Transcribe word for word the lines below from the line with "L’evento sarà anche" through the line with "Am Vormittag begingen", ends included.

Information provided
<<<<
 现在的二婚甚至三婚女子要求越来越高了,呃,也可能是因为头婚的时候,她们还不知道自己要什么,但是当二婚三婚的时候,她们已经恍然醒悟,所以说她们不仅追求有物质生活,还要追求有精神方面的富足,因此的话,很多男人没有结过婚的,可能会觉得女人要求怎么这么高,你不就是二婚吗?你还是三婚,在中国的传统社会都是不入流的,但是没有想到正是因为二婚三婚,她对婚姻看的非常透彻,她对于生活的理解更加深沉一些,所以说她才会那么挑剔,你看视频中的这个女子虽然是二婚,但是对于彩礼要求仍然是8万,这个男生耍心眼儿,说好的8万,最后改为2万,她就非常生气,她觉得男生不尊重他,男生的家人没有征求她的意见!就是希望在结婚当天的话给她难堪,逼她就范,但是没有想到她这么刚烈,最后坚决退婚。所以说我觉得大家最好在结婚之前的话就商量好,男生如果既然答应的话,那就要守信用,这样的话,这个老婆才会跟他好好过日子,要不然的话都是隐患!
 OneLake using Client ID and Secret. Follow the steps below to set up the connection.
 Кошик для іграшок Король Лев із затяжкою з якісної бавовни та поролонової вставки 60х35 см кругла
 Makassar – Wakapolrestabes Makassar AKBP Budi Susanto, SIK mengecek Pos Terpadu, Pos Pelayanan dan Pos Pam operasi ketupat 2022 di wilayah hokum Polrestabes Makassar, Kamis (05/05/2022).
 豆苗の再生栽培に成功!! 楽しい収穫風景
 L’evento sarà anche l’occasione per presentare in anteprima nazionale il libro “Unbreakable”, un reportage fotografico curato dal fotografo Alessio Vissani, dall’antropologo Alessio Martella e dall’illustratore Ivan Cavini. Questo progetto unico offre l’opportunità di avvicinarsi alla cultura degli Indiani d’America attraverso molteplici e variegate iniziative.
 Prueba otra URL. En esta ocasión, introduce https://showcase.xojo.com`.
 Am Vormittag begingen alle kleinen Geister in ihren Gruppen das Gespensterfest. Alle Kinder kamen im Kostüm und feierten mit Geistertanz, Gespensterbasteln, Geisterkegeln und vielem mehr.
>>>>
<<<<
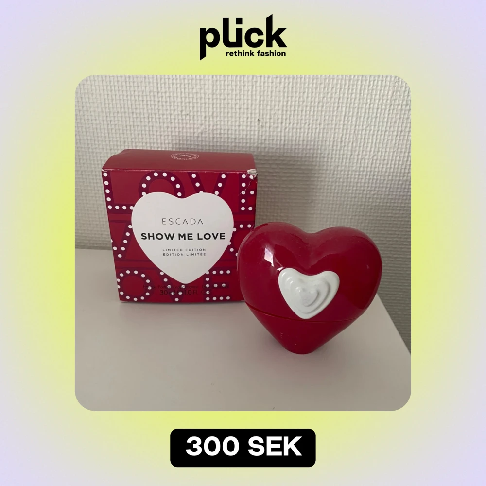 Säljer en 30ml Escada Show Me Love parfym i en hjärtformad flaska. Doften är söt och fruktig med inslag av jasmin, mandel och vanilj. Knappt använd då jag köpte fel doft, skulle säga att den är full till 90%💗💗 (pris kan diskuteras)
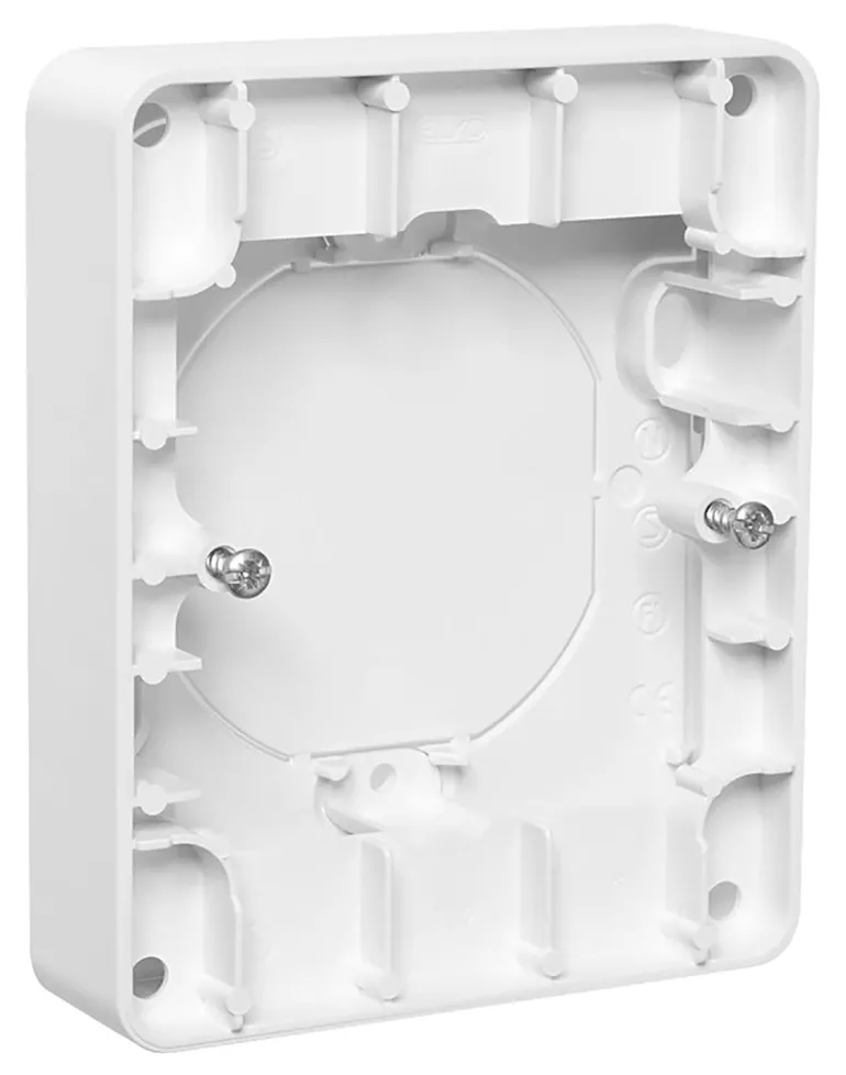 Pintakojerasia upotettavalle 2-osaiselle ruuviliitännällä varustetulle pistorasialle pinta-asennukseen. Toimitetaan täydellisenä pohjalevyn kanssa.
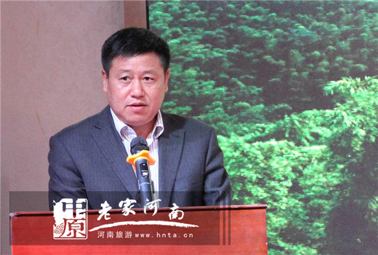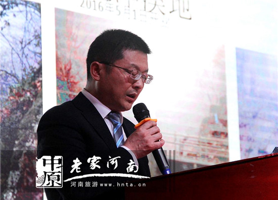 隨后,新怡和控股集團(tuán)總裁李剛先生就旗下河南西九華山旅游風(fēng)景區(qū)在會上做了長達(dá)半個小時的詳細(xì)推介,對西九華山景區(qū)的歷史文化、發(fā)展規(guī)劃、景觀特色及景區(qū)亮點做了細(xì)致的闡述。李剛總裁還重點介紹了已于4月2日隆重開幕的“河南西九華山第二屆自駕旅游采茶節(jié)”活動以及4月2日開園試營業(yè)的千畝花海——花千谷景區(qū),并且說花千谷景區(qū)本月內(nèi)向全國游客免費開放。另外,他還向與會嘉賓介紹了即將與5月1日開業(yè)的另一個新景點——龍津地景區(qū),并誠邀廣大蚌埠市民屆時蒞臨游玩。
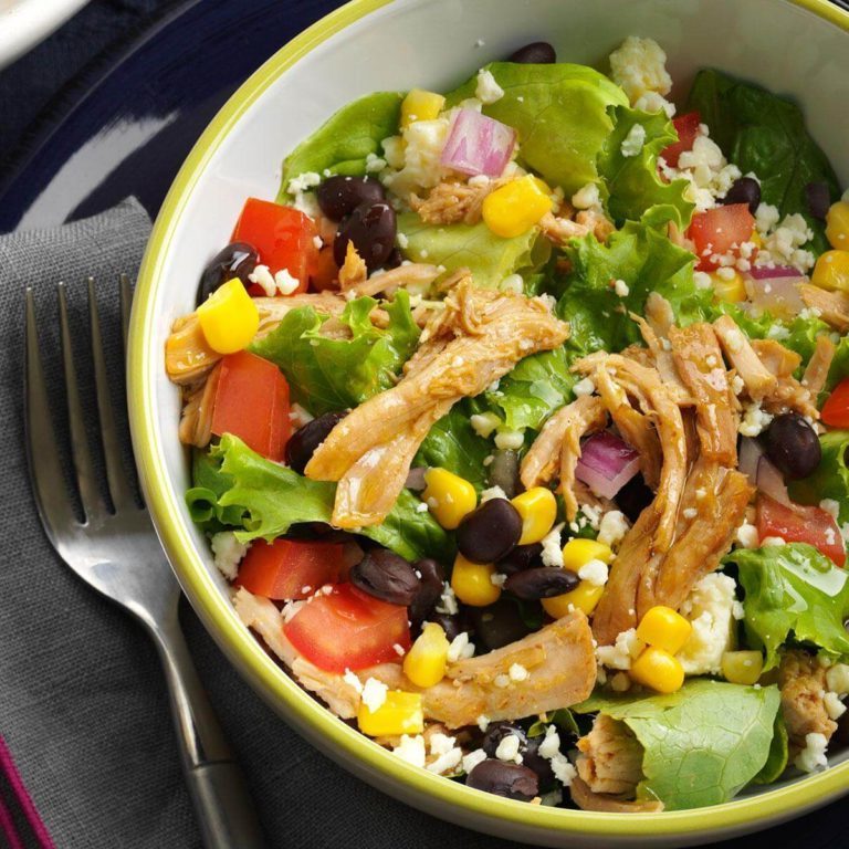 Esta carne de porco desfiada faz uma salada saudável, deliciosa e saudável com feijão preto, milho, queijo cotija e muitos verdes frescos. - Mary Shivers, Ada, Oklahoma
>>>>
Answer to this exercise
 L’evento sarà anche l’occasione per presentare in anteprima nazionale il libro “Unbreakable”, un reportage fotografico curato dal fotografo Alessio Vissani, dall’antropologo Alessio Martella e dall’illustratore Ivan Cavini. Questo progetto unico offre l’opportunità di avvicinarsi alla cultura degli Indiani d’America attraverso molteplici e variegate iniziative.
 Prueba otra URL. En esta ocasión, introduce https://showcase.xojo.com`.
 Am Vormittag begingen alle kleinen Geister in ihren Gruppen das Gespensterfest. Alle Kinder kamen im Kostüm und feierten mit Geistertanz, Gespensterbasteln, Geisterkegeln und vielem mehr.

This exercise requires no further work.